Command Line Arguments

In addition to the Compile-Time Variables, we make use of the JSL::Argument class, allowing easy integration of command-line arguments for a number of properties.

Arguments & Triggers

Variable Name

Type

Trigger

Purpose

Default Value

ConfigFile

std::string

config

The first argument read: if set away from the default, reverts to reading all arguments from the chosen configuration file instead of the command line.

“__null_location__”

ConfigDelimiter

char

config-delim

The delimiter character used to parse the config file

‘ ‘

RandomSeed

int

random-seed

The value passed to srand() at startup for reproducible randomness

0

DataSource

std::string

data

The directory for the stellar data lists

“../../Data/ShuffledData”

OutputDirectory

std::string

output

The director for the output data (created if it doesn’t already exist)

“Output”

StartVectorLocation

std::string`

restart

The directory to search in for a valid savefile for vector initialisation (if set to default, uses random vector)

“__null_location__”

GradLim

double

gradlim

The maximum value of \(\nabla\mathcal{L}\) which will be considered ‘converged’

0

MaxSteps

int

max-steps

The maximum number of epochs the optimiser may use before exiting

1000

SaveSteps

int

save-steps

The number of steps between saving locations

1

SaveAllSteps

bool

unique-temp-save

If true, the temporary, raw vectors are saved uniquely.
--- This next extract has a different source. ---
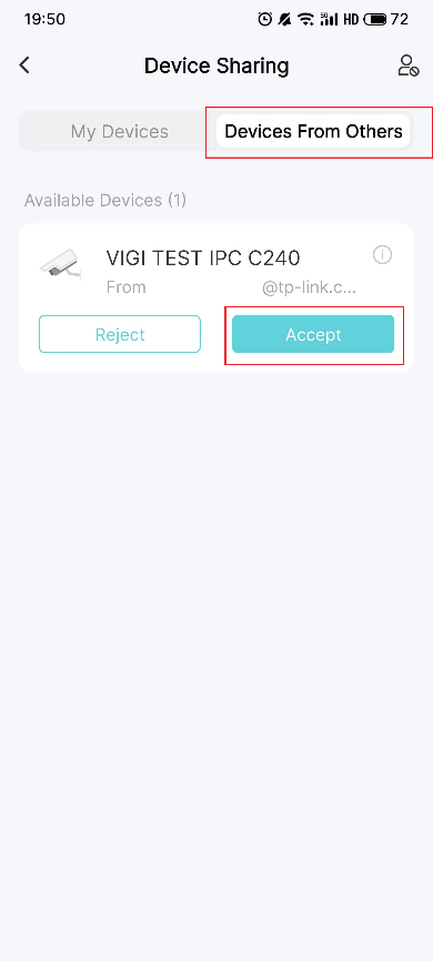 Step 5. Let the invitee log in to the VIGI app, check the invitation under Notifications and tap Accept. After that, the invitee can watch/manage this shared VIGI device.

Recommended to set this to false to prevent huge amounts of data generation.

0

Minibatches

int

minibatch

The maximum number of batches used per epoch in the SGD prescription

64

HarnessSlowDown

double

harness-slow

The factor by which step sizes are reduced when the harness is active

10

HarnessRelease

int

harness-release

The number of full epochs over which the step size recovers from the HarnessSlowDown

5

Usage

Commands can be passed into the code in one of two ways: either through the commandline interface:

> ./theia -minibatch 16 -gradlim 0.1 -harness-release 12

Or through a configuration file, written as:

//configuration.txt
minibatch 16
gradlim 0.1
data ../new/data/location
random-seed 299

And launched as:

> ./theia -config configuration.txt

Note that if a configuration file is attached, all other command line arguments will be ignored.

CommandArgs Holder Class

Once loaded, the command-line arguments are stored within a central CommandArgs object

class CommandArgs

Public Functions

inline CommandArgs()

Default constructor….doesn’t do anything as the arguments self-initialise.

inline void ReadArguments(int argc, char *argv[], int ProcessRank)
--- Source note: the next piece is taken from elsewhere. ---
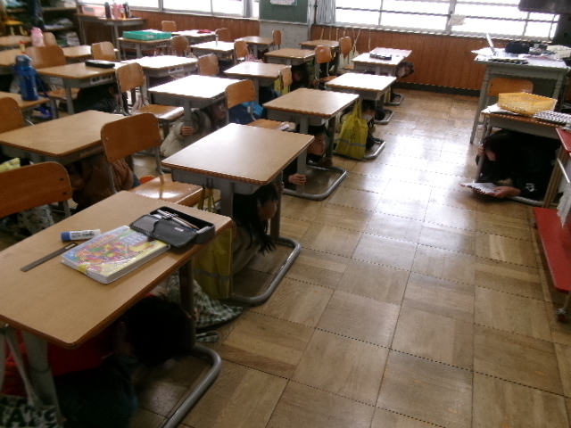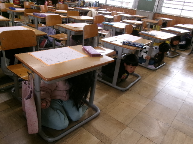 地震が起きたら、すぐに身を守るために机の下に避難します。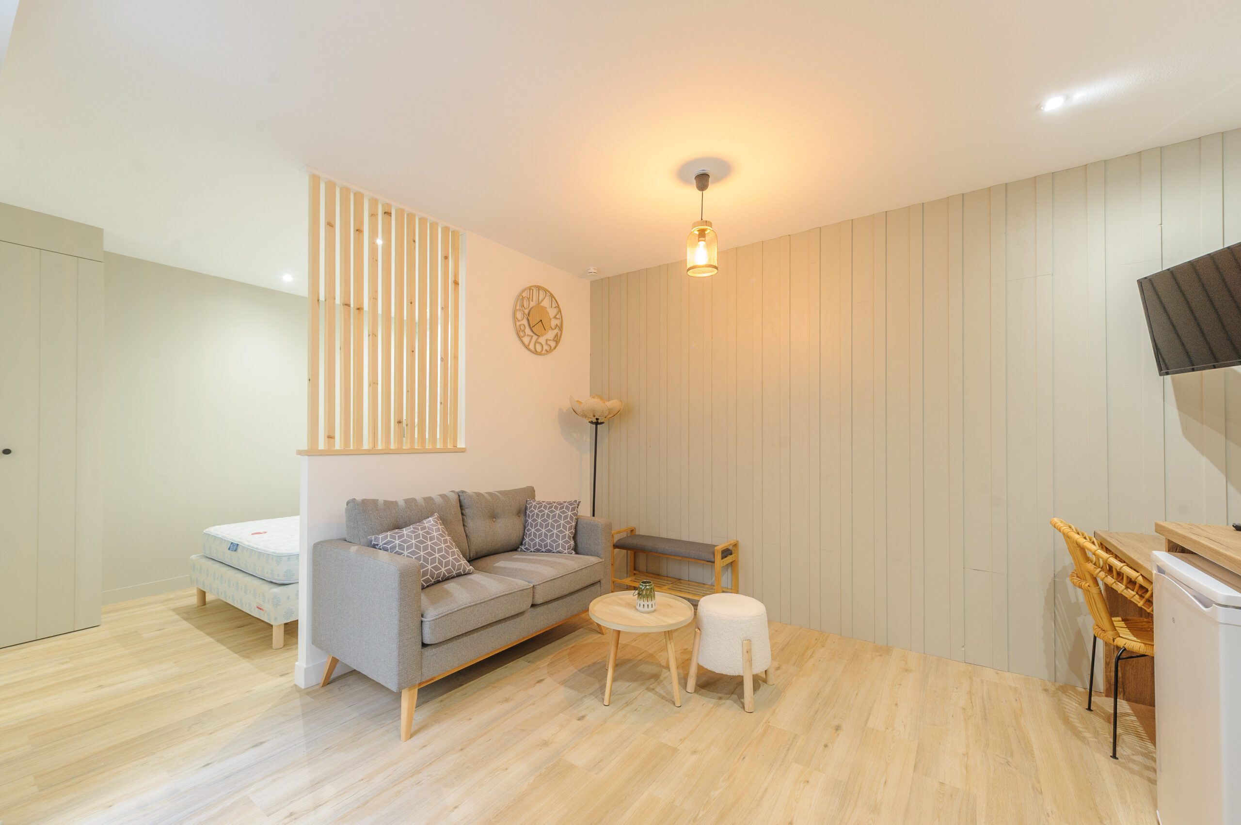 Les studios, auparavant vieillissants, ont fait l’objet d’un travail minutieux sur l’agencement et la fonctionnalité. L’objectif : optimiser chaque mètre carré tout en conservant l’esprit des lieux. Les tons doux, les matériaux naturels et les choix décoratifs soignés apportent désormais une atmosphère chaleureuse et apaisante, fidèle à l’identité rochelaise.

Initialise the command-line arguments, and check if a configuration file is requested. Note that there is no checking for repeat arguments or multiply defined trigger strings, so multiple assignments are perfectly possible.

Parameters
  • argc – The system-provided command argument count

  • *argv[] – The system-provided list of command arguments

  • ProcessRank – The MPI-provided ID of the current process

Returns

Initialises the object against the provided parameters

Public Members

Argument<int> RandomSeed = Argument<int>(0, "random-seed")

The value passed to srand() <>_ for reproducible randomness.

Argument<std::string> StartVectorLocation = Argument<std::string>("__null_location__", "restart")

The directory to search in for a valid savefile configuration for relaunch.

Argument<double> GradLim = Argument<double>(0, "gradlim")

The maximum value of :math:\nabla\mathcal{L} which will be considered ‘converged’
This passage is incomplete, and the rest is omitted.